Fixes: ce6e911d20f6 ("eal: add thread lifetime API")
Fixes: a7ba40b2b1bf ("drivers: convert to internal control threads")
Cc: stable@dpdk.org
Signed-off-by: Thomas Monjalon <thomas@monjalon.net>
Acked-by: Morten Brørup <mb@smartsharesystems.com>
---
 app/test/test_threads.c                       | 11 +---------
 .../prog_guide/env_abstraction_layer.rst      |  4 +++-
 lib/eal/include/rte_thread.h                  | 13 ++++++++++--
 lib/eal/unix/rte_thread.c                     | 21 +++++++++++--------
 lib/eal/version.map                           |  3 +++
 lib/eal/windows/rte_thread.c                  |  6 ++++++
 6 files changed, 36 insertions(+), 22 deletions(-)
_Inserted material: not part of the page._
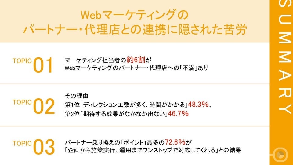 Webマーケティングのパートナー・代理店への不満、「クオリティとコストバランス」や「対応にムラがある」などの声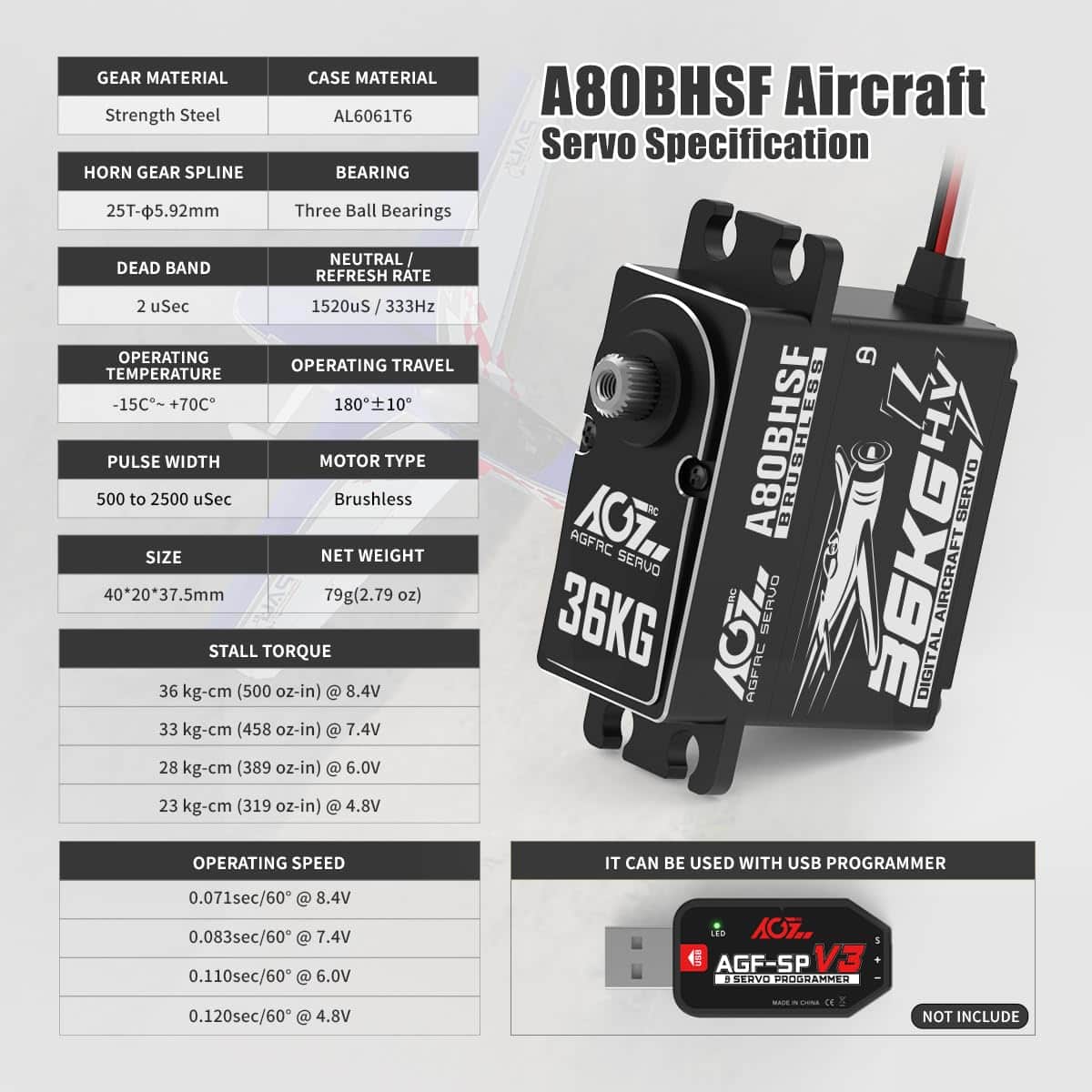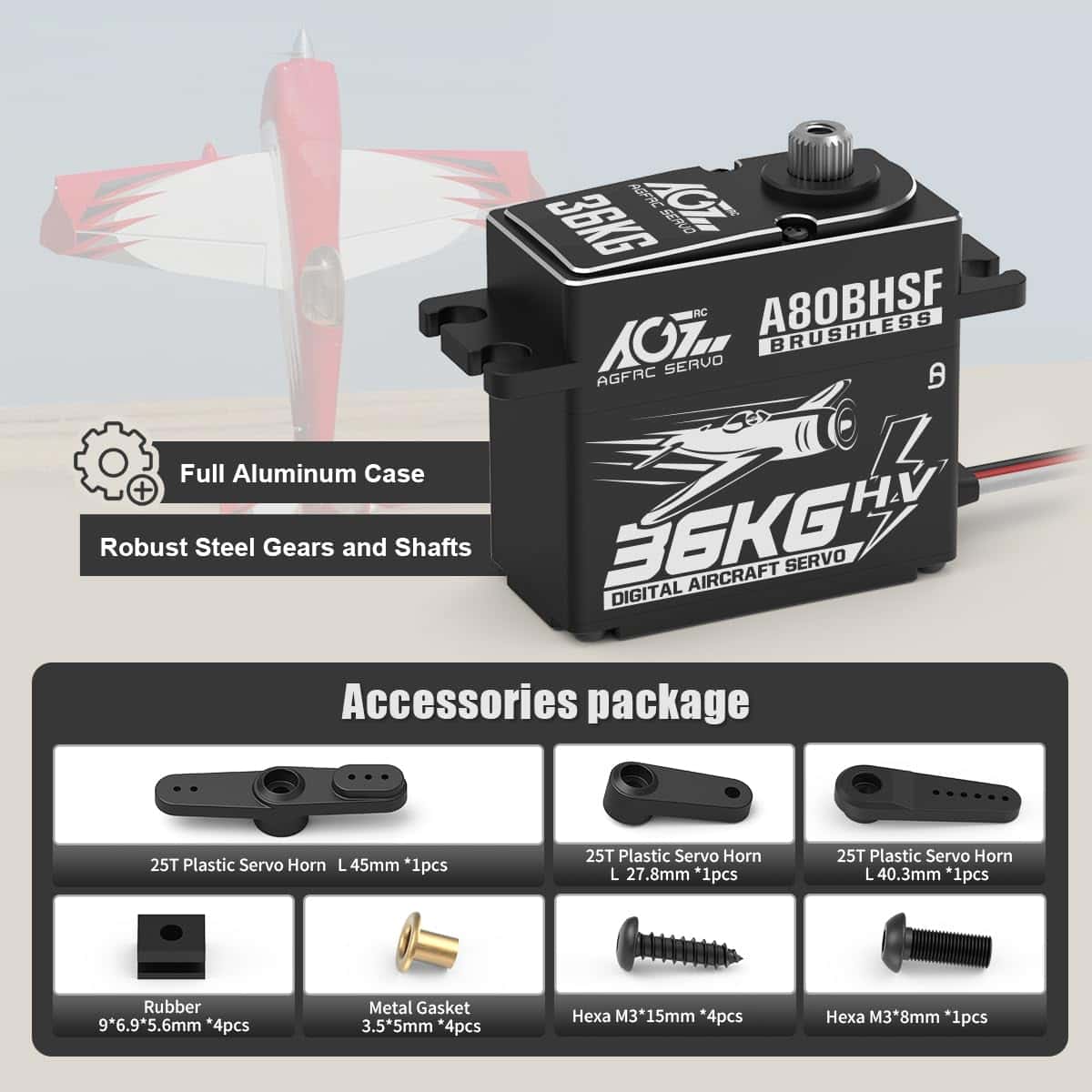 Paquete Incluido: 1 x Servo de Avión AGFRC A80BHSF 1 x Kit de Accesorios

diff --git a/app/test/test_threads.c b/app/test/test_threads.c
index 4ac3f2671a..9a449ba9c5 100644
--- a/app/test/test_threads.c
+++ b/app/test/test_threads.c
@@ -22,7 +22,7 @@ thread_main(void *arg)
 	__atomic_store_n(&thread_id_ready, 1, __ATOMIC_RELEASE);
 
 	while (__atomic_load_n(&thread_id_ready, __ATOMIC_ACQUIRE) == 1)
-		;
+		rte_thread_yield(); /* required in case of real-time priority */
 
 	return 0;
 }
@@ -97,21 +97,12 @@ test_thread_priority(void)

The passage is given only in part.